The objective of the present study was to compare the chemical composition and quality traits of retail chicken meat based solely on label-defined groups (‘non-certified’ vs. ‘certified’ claims) in the Spanish market.

2. Materials and Methods

2.1. Experimental Design

A total of 39 breast (Pectoralis major) samples were collected from large stores across three seasons in 2024 (13 samples per season). Seasonal sampling was only intended to increase the variability within suppliers. No samples were collected during summer due to extreme seasonal temperatures and institutional closure. We confirmed that all samples originated always from the same 13 suppliers based on the information provided on the labels. Those 13 suppliers collectively account for more than 70% of Spain’s broiler production [25]. Based on label claims, samples were grouped as either ‘non-certified’ (no claims; 7 samples per season) or ‘certified’ (certified claims regarding distinctive dietary and slaughter age practices; 6 samples per season). Label claims were certified by a certification body (SGS or Certicar companies) in accordance with Commission Regulation (EC) No 543/2008 [9]. All the six suppliers in the certified group declared that cereals accounted for at least 65% by weight of the feed formula. Additionally, five of them also specified that maize accounted for at least 50% of the feed, three stated a minimum slaughter age of 56 days, and one additionally indicated ‘free range’ raising conditions. It is essential to clarify that all sample comparisons in this study were based strictly on the retail label claims and not on independent verification of the actual production systems. Moreover, lack of homogeneity in production practices between suppliers within both groups was expected. All products were purchased within standard expiration ranges (mean 2.8 ± 1.5 days post-packaging) to ensure comparable storage conditions. Samples were transported refrigerated (2–4 °C) to the Food Technology Laboratory, University of Córdoba, and processed within 24 h.

2.2. Laboratory Analyses

Moisture, protein, fat, and ash were determined following AOAC methods [26]: oven-drying at 100–102 °C for at least 16 h (AOAC 950.46), Kjeldahl (N × 6.25; AOAC 981.10), Soxhlet extraction (AOAC 960.39), and muffle incineration at 550 °C ± 25 °C for 4–6 h (AOAC 920.153), respectively.
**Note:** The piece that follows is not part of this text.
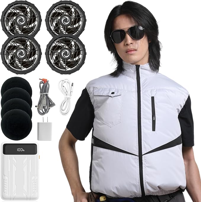 [Hon&Guan] 2025新登場 ファン付きベスト 4ファン 空調ベスト ファンバッテリーセット【チタン加工/体感-10℃ / 20000mAh / Type-C急速充電/ディスプレイ表示/防塵カバー付】 熱中症対策 PSE認証済 男女兼用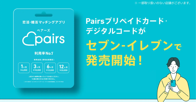 店内のプリペイドカードコーナーでPairsのカードを探し、レジで支払います。4,000円分などの券種があり、これが実質的なペアーズの有料会員の料金となります。 - スマホプリペイド

The pH value, color, WHC, texture, and lipid oxidation were measured. pH was determined in triplicate with a Hanna Edge HI2020-48 pH meter (Hanna Instruments, Eibar, Spain) equipped with a penetration electrode. Color parameters (L*, a*, b*) were recorded after 30 min of blooming using a Minolta CR-400 colorimeter (Minolta Co., Osaka, Japan). Illuminant D65, an 8 mm measurement aperture, and a 2° standard observer were selected as measurement conditions. The hue angle and chroma values were determined using the following formulae:

$$\mathrm{H}\mathrm{u}\mathrm{e}\mathrm{ }\mathrm{a}\mathrm{n}\mathrm{g}\mathrm{l}\mathrm{e}\mathrm{=}{\mathrm{t}\mathrm{a}\mathrm{n}}^{\mathrm{-}\mathrm{1}}\mathrm{[}{\mathrm{b}}^{\mathrm{*}}\mathrm{/}{\mathrm{a}}^{\mathrm{*}}\mathrm{]}$$

(1)

$$\mathrm{C}\mathrm{h}\mathrm{r}\mathrm{o}\mathrm{m}\mathrm{a}\mathrm{=}{\left[{\left({\mathrm{a}}^{\mathrm{*}}\right)}^{\mathrm{2}}\mathrm{+}{\left({\mathrm{b}}^{\mathrm{*}}\right)}^{\mathrm{2}}\right]}^{\raisebox{1ex}{$\mathrm{1}$}\!\left/ \!\raisebox{-1ex}{$\mathrm{2}$}\right.}$$

(2)

WHC was analyzed by measuring expressible moisture as well as thawing, cooking, and drip losses [27,28,29,30,31]. In brief, for expressible moisture determination, 5 g of sample were excised, weighed, wrapped in pre-weighed Whatman No. 1 filter paper, and placed between two plates. A constant load of 2500 g was applied for 5 min. The moisture absorbed by the filter paper after compression was used to calculate the percentage of expressible moisture. Thawing loss determination, breast meat samples were weighed before thawing and again after gently blotting surface moisture post-thaw. Thaw loss was calculated as the percentage difference between the weights before and after thawing. For cooking loss, weighed breast meat samples were placed in a polyethylene bag and immersed in a water bath at 75 °C until reaching 70 °C internally, measured by a thermocouple placed in the geometric center. Following 30 min cooling at room temperature, samples were re-weighted and cooking loss was expressed as the percentage reduction in weight between raw and cooked samples after blotting them gently with filter paper. Finally, approximately 20 g of meat sample was suspended on a hook inside a sealed container, ensuring no contact with the walls. After 24 h of storage at 4 °C, the sample was gently blotted and weighed to determine drip loss, expressed as the percentage reduction in weight before and after storage.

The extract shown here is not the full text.